En este sentido desde mi punto de vista la psicoterapia, tiene como objeto favorecer un continuo de la conciencia, el darse cuenta y el insight, como herramienta para el desarrollo del autosoporte. Su interés está puesto al servicio de dilucidar, visibilizar y desenmascarar aspectos propios en los que no nos reconocemos, por no coincidir con la idea que tenemos de nosotros mismos. Esto conlleva ampliar y flexibilizar el “concepto de uno mismo”, nos lleva a desconocernos, cosa que en ocasiones puede resultar incómoda porque pasa por perturbar la propia autoimagen construida (aquello que creemos ser).
Experimentar en la propia piel, y no solo ideológicamente, que nada de lo humano nos es ajeno es una experiencia que supone cierta tensión porque, necesariamente, contradice en algo lo que creía de mí.

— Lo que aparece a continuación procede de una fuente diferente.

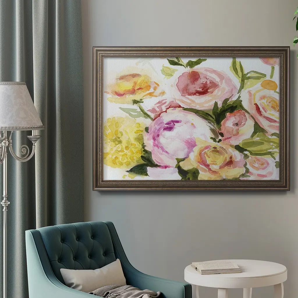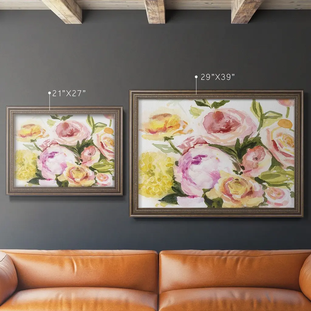 Loose Arrangement IV Premium Framed Canvas- Ready to Hang A Premium Framed Canvas created to last. Framed in distressed wood and available in an array of sizes and colors Featuring a beveled a solid wood stretcher bar, each piece comes ready to hand 3 SIZES AVAILABLE 16''X20'' - Overall Size 18'X27'' - Overall Size 24''x36'' - Overall Size Each piece is made to order. Each piece comes with hanging hardware. Made in the USA Ready to Hang Giclee Paper Print Acrylic Glass Beveled Matt Board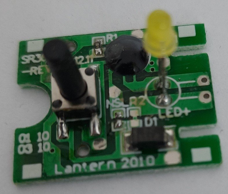 Hallo. Ich konnte heute einen Blick darauf werfen. Wie Sie sehen können, verwendet die Platine einen integrierten Schaltkreis, der unter einem Klecks Epoxidharz verborgen ist, sodass es nicht einfach ist, das Verhalten zu ändern. Ich bezweifle, dass das Entfernen oder Ändern der Werte des Widerstands und/oder Kondensators die Funktion auf „Immer eingeschaltet“ ändert, aber Sie könnten es versuchen. Ansonsten könnten Sie den Stromkreis so umverdrahten, dass die LED über einen Widerstand mit dem entsprechenden Wert mit der Batterie verbunden ist. Der Knopf hätte keine Wirkung, Sie müssten ihn öffnen, um ihn auszuschalten. Eine heikle Änderung, aber sie würde das tun, was Sie brauchen.
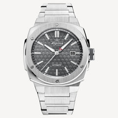 The Alpiner Extreme Automatic is a 41 x 42.5mm rugged sport watch. At the heart of the design, a strong brushed-finish cushion case featuring a grey dial with triangle pattern, and a grey outer ring with white markers and applied silver indexes filled with white luminous treatment. Date window at 3 o'clock. Hand-polished silver color hour and minute hands also filled with white luminous treatment. Polished silver color second hand with signature Alpina red triangle. Set on a stainless steel bracelet with folding buckle and housing the AL-525 caliber automatic movement, this timepiece is water resistant to 200M.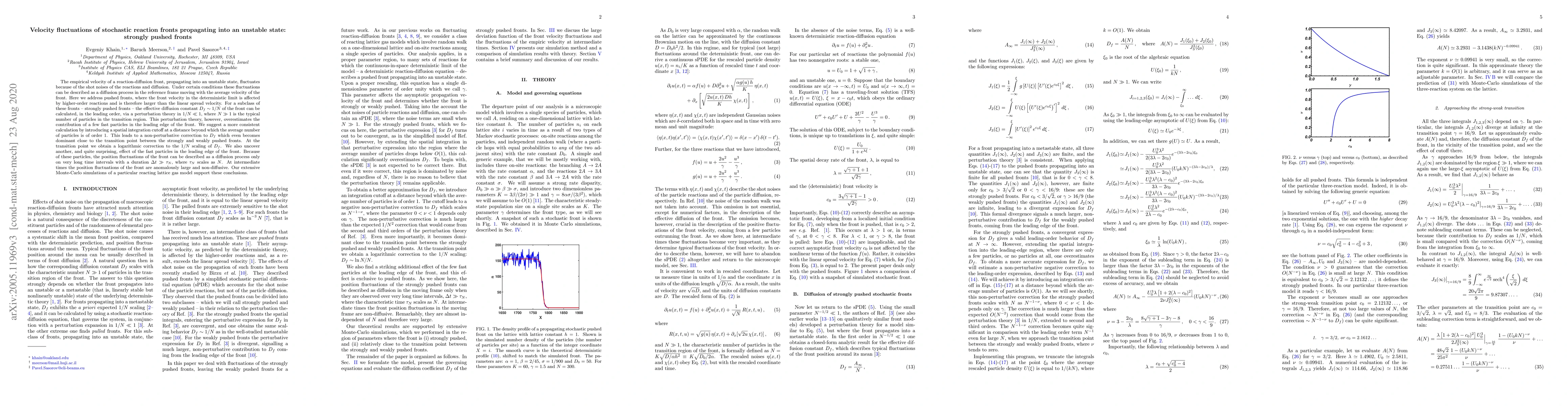 This paper investigates the velocity fluctuations of strongly pushed reaction-diffusion fronts in unstable states, revealing that their effective diffusion constant can be calculated via perturbation theory. However, it introduces a non-perturbative correction due to fast particles at the front's leading edge, leading to anomalous, non-diffusive fluctuations at intermediate times.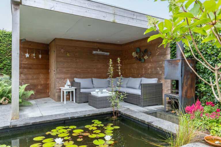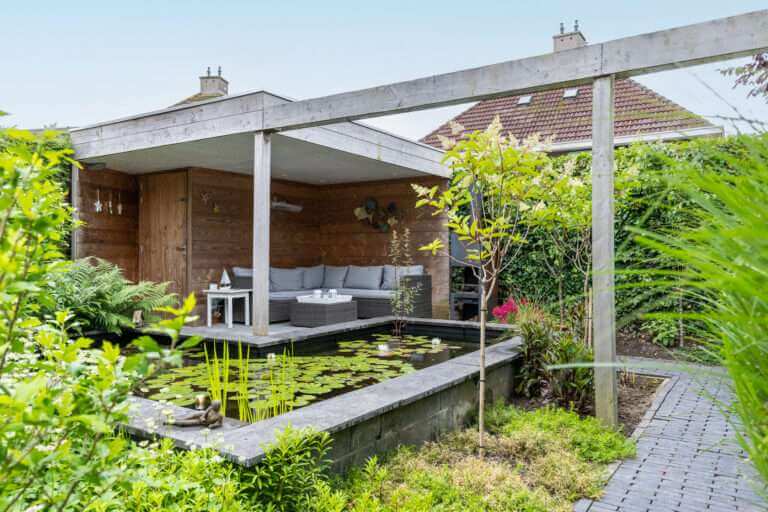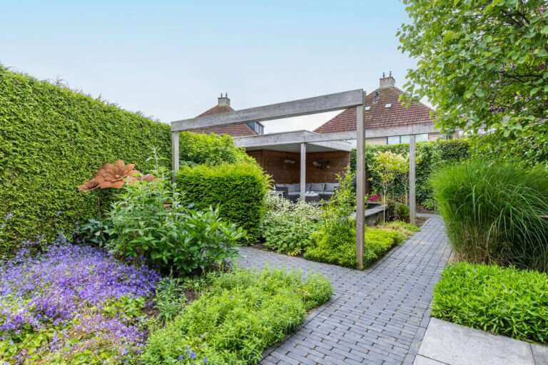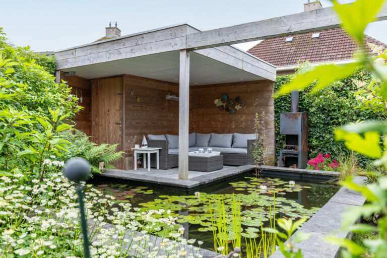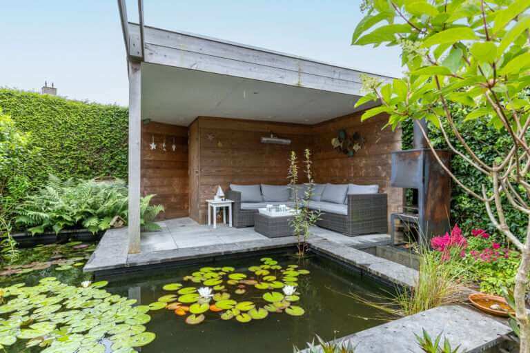 Hal en toilet. Vanuit de hal loop je door naar de uitgebouwde royale woon- en eetkamer met grote raampartijen die een stortvloed aan natuurlijk licht binnenlaten en bovenal vanuit alle standpunten een heerlijk uitzicht op de tuin bieden. vanuit de woonkamer heb je toegang tot de zonnige tuin.

No podemos vivir sin construirnos una autoimagen, pero la gracia es que, a su vez, aquello que creemos ser no da cuenta, no alcanza a explicar el “si mismo” o lo que soy, todo aquello que desconozco y que es de por sí un enigma inabarcable. Por ello, la psicoterapia pretende ser un espacio sin pretensiones, sin juicio, donde reconocer, sospechar y aceptar que no soy aquello que creo ser. Un espacio para descubrirse en el sentido de dejar de cubrirse. Abre una pausa, una pregunta, una brecha ahí donde empieza la explicación común, conocida, repetida, autocondescendiente, estereotipada y familiar, generando cierta extrañeza. Se desdibuja aquella verdad en la que nos sosteníamos y a partir de la cual explicábamos nuestro sufrimiento. Perdemos cierta baza, quedamos en el aire. Si hasta ese momento, por ejemplo, me explicaba a mí mismo que la culpa la tiene el otro, o que mi falta de autoestima no me permite lo que sea, o que soy demasiado sensible para confrontar algo… y empiezo a dudar de estas «verdades», frases hechas, excusas o justificaciones absolutas que me sacan del momento presente y de mi propia responsabilidad, necesariamente necesito resignificar mi posición.